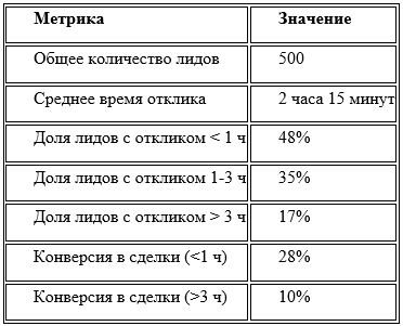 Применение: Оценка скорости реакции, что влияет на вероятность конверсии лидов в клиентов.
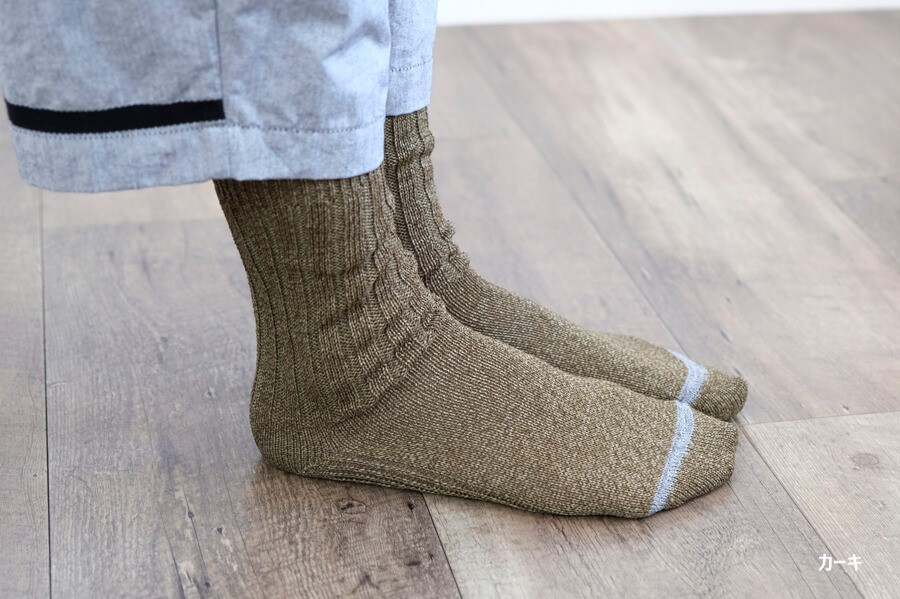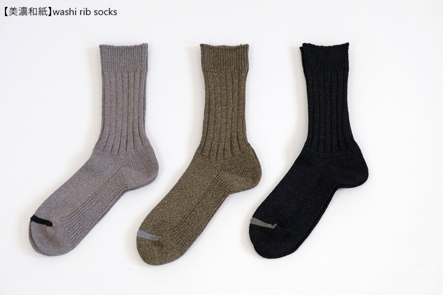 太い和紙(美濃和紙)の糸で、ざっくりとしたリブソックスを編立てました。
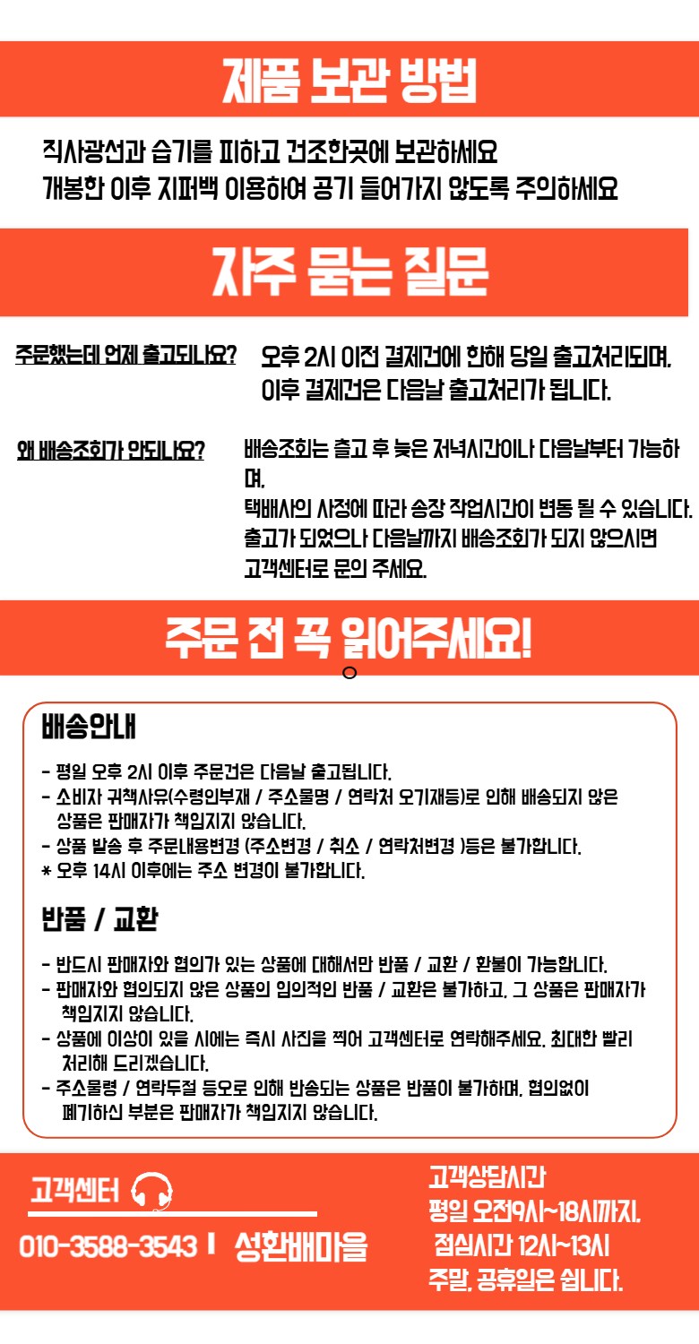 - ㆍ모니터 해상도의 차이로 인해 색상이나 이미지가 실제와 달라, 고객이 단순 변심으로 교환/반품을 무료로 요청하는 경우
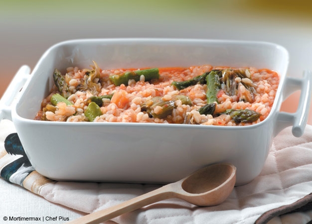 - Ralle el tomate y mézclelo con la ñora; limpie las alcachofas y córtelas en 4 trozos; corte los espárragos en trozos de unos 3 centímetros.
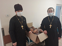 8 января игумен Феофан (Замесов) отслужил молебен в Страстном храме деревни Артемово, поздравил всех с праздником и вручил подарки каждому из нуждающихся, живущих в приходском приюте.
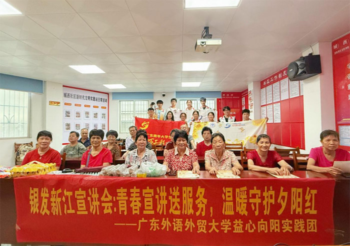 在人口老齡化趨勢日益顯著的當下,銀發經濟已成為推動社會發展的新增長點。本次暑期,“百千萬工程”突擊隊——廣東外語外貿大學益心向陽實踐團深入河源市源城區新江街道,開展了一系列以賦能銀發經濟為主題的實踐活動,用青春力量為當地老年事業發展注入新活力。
☆ ☆ ☆
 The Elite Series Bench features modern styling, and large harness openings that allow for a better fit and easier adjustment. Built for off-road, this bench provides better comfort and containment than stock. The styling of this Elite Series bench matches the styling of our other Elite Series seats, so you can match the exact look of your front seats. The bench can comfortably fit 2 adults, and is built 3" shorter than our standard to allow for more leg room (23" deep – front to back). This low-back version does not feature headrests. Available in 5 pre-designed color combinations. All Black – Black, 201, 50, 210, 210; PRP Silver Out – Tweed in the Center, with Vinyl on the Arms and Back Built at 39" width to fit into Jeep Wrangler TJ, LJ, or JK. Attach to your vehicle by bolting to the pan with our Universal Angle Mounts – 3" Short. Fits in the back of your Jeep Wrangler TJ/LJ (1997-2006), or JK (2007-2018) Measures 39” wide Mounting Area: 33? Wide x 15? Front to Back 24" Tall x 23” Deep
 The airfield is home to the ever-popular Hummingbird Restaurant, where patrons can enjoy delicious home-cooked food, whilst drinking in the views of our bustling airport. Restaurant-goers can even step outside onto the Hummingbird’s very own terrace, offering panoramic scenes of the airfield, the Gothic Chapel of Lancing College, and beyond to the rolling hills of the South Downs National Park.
☆ ☆ ☆
▶ _Exercise description_: Of all the material above, only the lines from the one that has "8 января игумен" down to the one that has "在人口老齡化趨勢日益顯著的當" are to be written out, exactly and with both ends included. Pictures are skipped.

▶ _Your response_:
 8 января игумен Феофан (Замесов) отслужил молебен в Страстном храме деревни Артемово, поздравил всех с праздником и вручил подарки каждому из нуждающихся, живущих в приходском приюте.
 在人口老齡化趨勢日益顯著的當下,銀發經濟已成為推動社會發展的新增長點。本次暑期,“百千萬工程”突擊隊——廣東外語外貿大學益心向陽實踐團深入河源市源城區新江街道,開展了一系列以賦能銀發經濟為主題的實踐活動,用青春力量為當地老年事業發展注入新活力。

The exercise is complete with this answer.